O movimento estudantil já conseguiu grandes vitórias políticas, como ganhar o apoio da maioria da população e demonstrar a desigualdade do sistema de ensino privatizado pela ditadura neoliberal do general Pinochet (1973 a 1990), e que mais de vinte anos de democracia liberal (1990 a 2011), acordada entre as elites democráticas da Concertação (Democracia Cristã - DC e Partido Socialista - PS) e as elites autoritárias da direita, não conseguiram desmontar. Por isso, exigem que o direito a uma educação pública e gratuita de qualidade seja inscrito na Constituição Nacional e constituíram uma maioria na sociedade favorável para uma transformação profunda na educação chilena.
Este movimento não é puramente estudantil, pois ele é também uma manifestação do mal estar geral da sociedade chilena com o modelo de desenvolvimento imposto, bem como do esgotamento do pacto da transição de uma saída pactuada da ditadura, firmado entre a Concertação e a direita.

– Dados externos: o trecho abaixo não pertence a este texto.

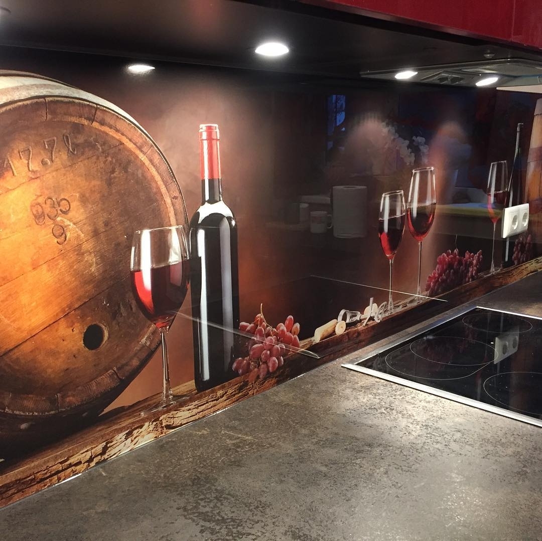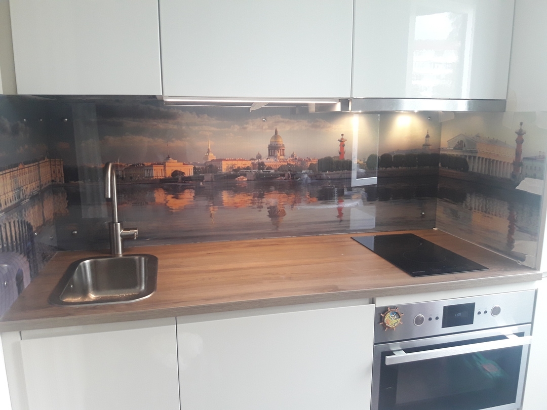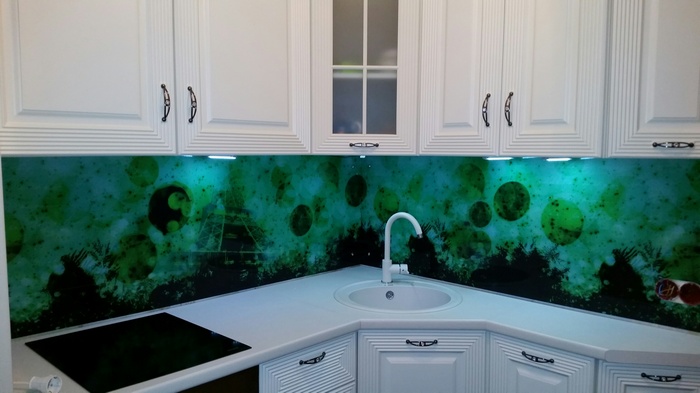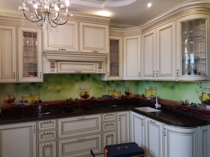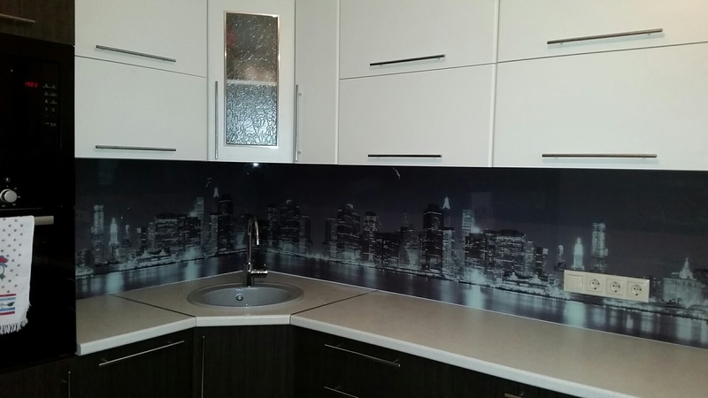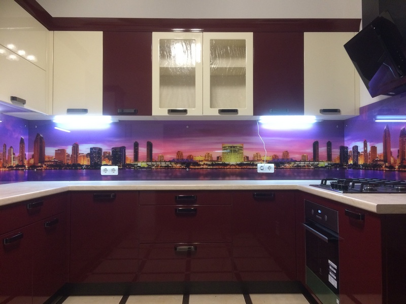 Но, это не главная особенность стеклянных панелей – главная особенность заключается в том, что UV-печать позволяет качественно нанести практически любое изображение, будь то фотография природы, города, лесной пейзаж, или просто набор орнаментов или схематичных изображений. Эта возможность делает скинали отличным элементом дизайна (дизайнер может изобразить на стеклянной поверхности практически все что угодно). Поэтому стеклянные фартуки являются превосходным украшением вашей кухни.

A mobilização dos estudantes também abriu um forte questionamento no sistema político representativo, a forma de eleição dos parlamentares e regras institucionais da Constituição de 1980 da ditadura. O pacto de transição da ditadura estabeleceu o voto distrital binominal e ainda a proibição que o Partido Comunista (que foi um dos principais partidos que fizeram a resistência armada contra a ditadura) não podia fazer parte da Concertação (DC+PS). Desta maneira, estava assegurada, pelas elites, a transição democrática com o domínio dos distritos pelas duas grande coalizações: Concertação (Centro) e a Direita, excluindo o PC e outros partidos minoritários de esquerda. Não é por acaso que as principais lideranças do movimento estudantil são do Partido Comunista, como Camila Vallejo (Presidenta da Federação de Estudantes da Universidade de Chile) ou de grupos de Esquerda Autônoma como Francisco Figueroa (Vice Presidente da Federação de Estudantes da Universidade de Chile) entre outras lideranças. O PC e outros movimentos de esquerda já levantam a bandeira de uma nova Constituição com uma ampla reforma política, que termine com o sistema político distrital binominal e implante o sistema proporcional, assegurando os direitos das minorias, assim como defendem a construção de uma democracia participativa.
O modelo de mercado no Chile, que funciona como uma ditadura e que impõe regras a toda a cidadania, na saúde e educação (privatizadas), nas relações de trabalho (precarização), no cobre (privatização), na economia completamente aberta e o capital financeiro predomina sobre todas as atividades. Hoje, os estudantes, que tem dívidas de créditos escolares, e a cidadania que está presa aos mesmos credores tem um inimigo comum e uma ampla aliança social. Contra esta ditadura do mercado se levanta hoje não só os estudantes mas o conjunto dos trabalhadores e inclusive setores da classe média chilena (com manifestações nos bairros como Nuñoa, Providência e Las Condes saindo nas ruas para fazer panelaços).
O movimento estudantil com suas reivindicações e mobilizações se constituiu em um movimento social que incluiu setores da classe média, trabalhadores e o movimento popular dos bairros e vilas. Está em marcha uma revolução democrática e anti-neoliberal que fará grandes transformações na sociedade chilena.
Como dizia um dos cartazes da manifestação dos estudantes com a foto do Presidente Allende: “O Sonho Existe”.